> **EXERCISE DESCRIPTION**
Write out only the lines from the start of the entries up to and including the line with "The rechargeable electric"; please skip the pictures.

> **Records drawn from a dataset**
__________
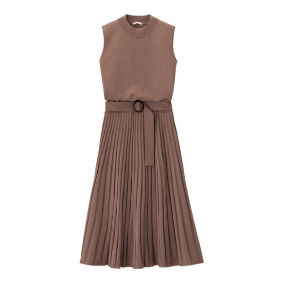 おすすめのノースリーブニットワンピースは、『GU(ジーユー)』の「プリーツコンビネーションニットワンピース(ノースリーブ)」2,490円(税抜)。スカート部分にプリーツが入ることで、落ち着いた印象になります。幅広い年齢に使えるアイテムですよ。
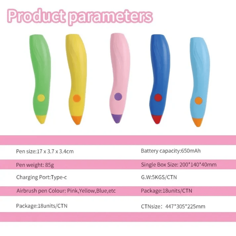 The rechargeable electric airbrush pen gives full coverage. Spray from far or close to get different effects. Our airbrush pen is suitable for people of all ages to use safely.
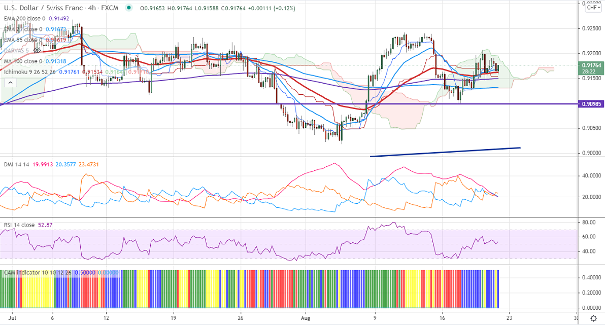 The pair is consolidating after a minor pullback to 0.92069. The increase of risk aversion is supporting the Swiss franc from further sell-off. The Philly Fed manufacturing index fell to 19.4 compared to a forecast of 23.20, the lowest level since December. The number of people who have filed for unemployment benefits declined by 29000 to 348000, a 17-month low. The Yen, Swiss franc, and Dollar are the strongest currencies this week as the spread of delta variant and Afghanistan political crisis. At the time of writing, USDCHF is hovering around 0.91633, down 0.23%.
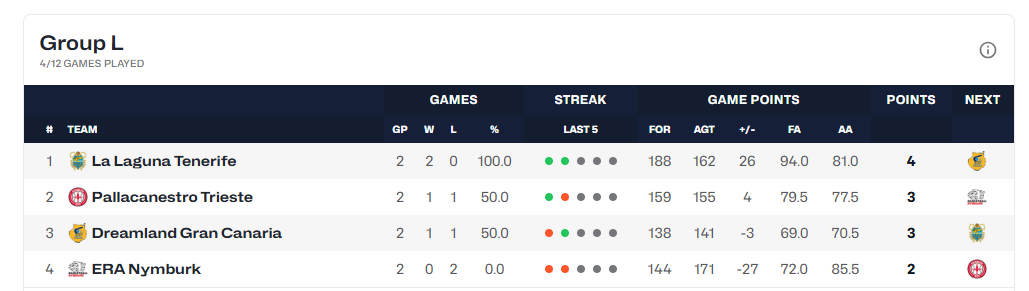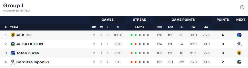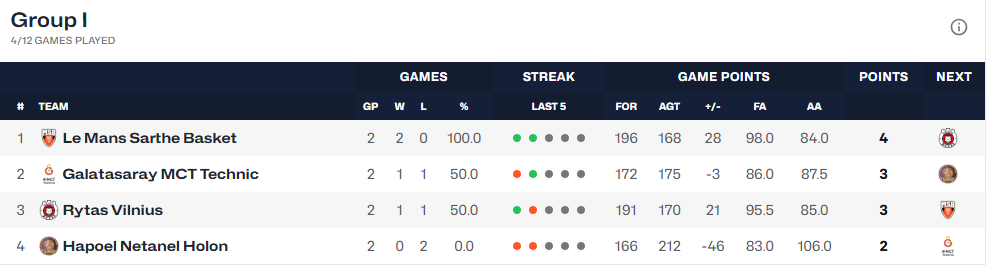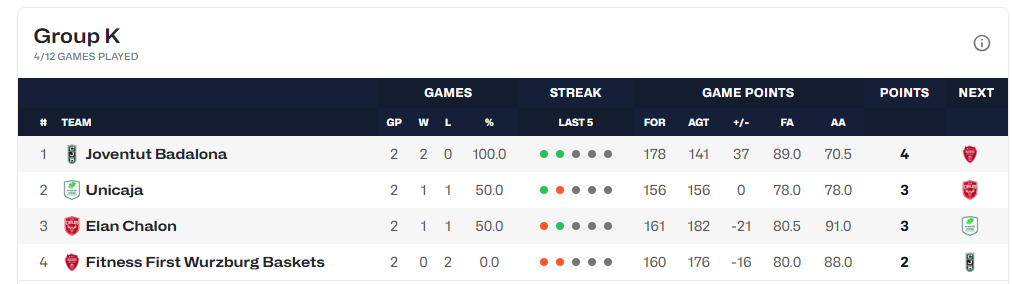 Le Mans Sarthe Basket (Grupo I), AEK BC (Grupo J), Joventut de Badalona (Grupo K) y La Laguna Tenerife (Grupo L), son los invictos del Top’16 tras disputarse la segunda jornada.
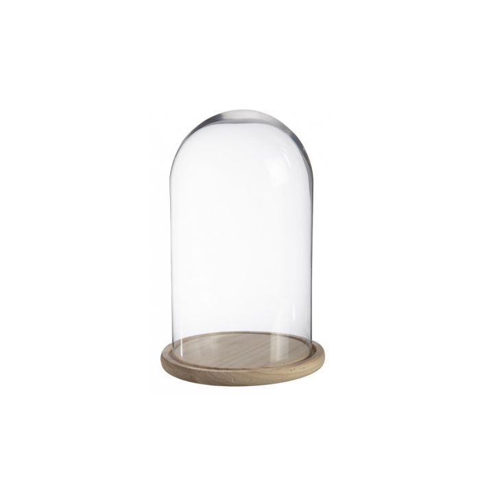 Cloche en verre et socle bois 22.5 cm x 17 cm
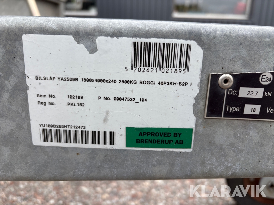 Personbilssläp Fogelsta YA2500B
__________
> **COMPLETED TASK**
 おすすめのノースリーブニットワンピースは、『GU(ジーユー)』の「プリーツコンビネーションニットワンピース(ノースリーブ)」2,490円(税抜)。スカート部分にプリーツが入ることで、落ち着いた印象になります。幅広い年齢に使えるアイテムですよ。
 The rechargeable electric airbrush pen gives full coverage. Spray from far or close to get different effects. Our airbrush pen is suitable for people of all ages to use safely.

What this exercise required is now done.